O ex-presidente Luiz Inácio Lula da Silva depôs ontem (5) como testemunha de defesa do ex-governador Sérgio Cabral e disse que não houve trapaça na votação que elegeu o Rio de Janeiro como sede dos Jogos Olímpicos de 2016. Preso na Su­perintendência da Polícia Federal em Curitiba, Lula também res­pondeu, por videoconferência, a perguntas do Ministério Público Federal e do juiz Marcelo Bretas, da 7ª Vara Federal Criminal.

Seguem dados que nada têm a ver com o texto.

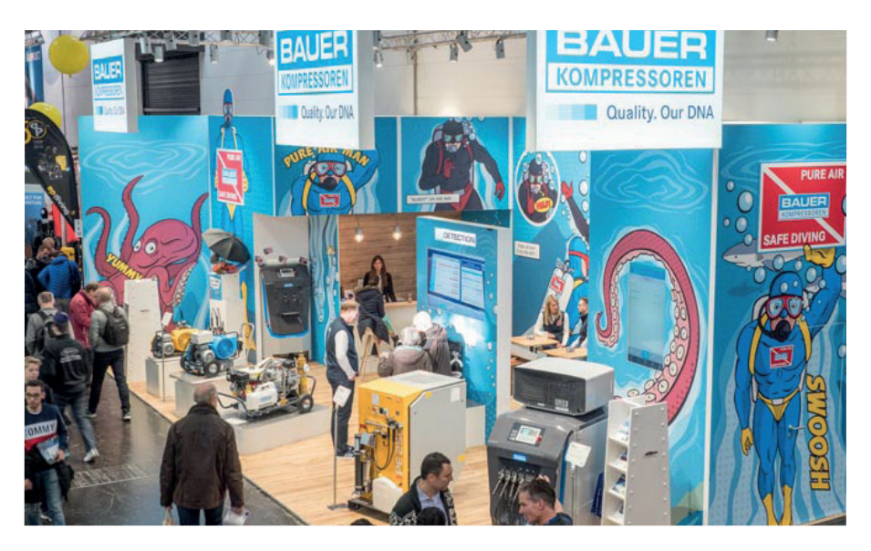
Featuring a bold, eye-catching coming style, the BAUER stand at the trade show presented the benefits of breathing air quality.

As every year, Thursday evening at boot Düsseldorf was reserved for the Dive Awards. Everyone who is anyone in the diving scene always saves this date – the annual highlight of the exhibition. This year, BAUER's sponsorship commit-

“Quem fala que foi trapaça não entende nada de nada e não viveu o que nós vivemos”, disse Lula, que afirmou que a candidatura do Rio de Janeiro só poderia ser bem sucedida se houvesse o empenho do gover­no federal e do Itamaraty.

“Sem o envolvimento do Brasil como um todo, o Rio de Janeiro não ganharia. O Brasil vivia um momento sensacional e tinha virado um protagonista internacional.”

O ex-presidente também respondeu a perguntas da de­fesa de Carlos Arthur Nuzman, que é réu acusado de partici­par do mesmo esquema. Lula afirmou que Nuzman era uma figura respeitada internacional­mente. “Não vi nenhuma atitu­de dele que pudesse desabonar o Brasil ou as Olimpíadas.”

Ao responder às pergun­tas, o ex-presidente criticou a imprensa, afirmando que nem sempre se pode acreditar no que é publicado. Ele afirmou ainda que o Brasil vive um momento de denuncismo. “Eu só lamen­to que venha uma denúncia de compra de delegado anos de­pois. Não sei quem fez a denún­cia e não quero saber. Como es­tamos vivendo um momento de denuncismo”, disse Lula que foi interrompido pelo juiz Bretas.